We observed two distinct regions of intrahost and intragenotypic hypervariability within genotype 3a envelope 2 (E2)—in addition to the previously described HVR1—that we have named HVR495 and HVR575. We show that these regions are subject to positive selection pressure, sometimes very early in acute infection. Although HVR575 has been previously recognized as a site of intergenotypic variation (18), the identification of this region as a hypervariable site within genotype 3a and as a site under early selection pressure leading to variability within the same host has not been previously described.

MATERIALS AND METHODS

Patients.

Plasma samples were obtained and immediately stored at −80°C from 40 treatment naive patients with chronic HCV infection; 18 with subtype 3a, 13 with subtype 1a, and 9 with subtype 1b (John Radcliffe Hospital, Oxford, United Kingdom) and from 4 patients with acute subtype 3a infection sampled at multiple time points longitudinally (San Bortolo Hospital, Vicenza, Italy).
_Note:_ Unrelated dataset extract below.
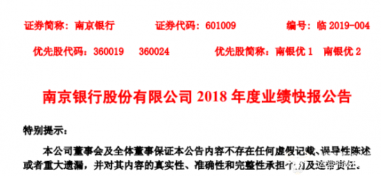 2019 年 3 月 5 日,南京银行股份有限公司(以下简称“南京银行”)发布 2018 年度业绩快报公告。

Acute HCV was defined as an alanine transaminase (ALT) of >1,000 IU/ml with detectable HCV RNA in the presence of specific risk factors for acute HCV infection (three patients reported a history of recent intravenous drug use, and one had recently undergone orthopedic surgery) and the absence of any other cause of an acute hepatitis. In two of four patients the development of HCV antibody seroconversion was also demonstrated. Local ethical approval was obtained, and all patients gave written informed consent for study participation.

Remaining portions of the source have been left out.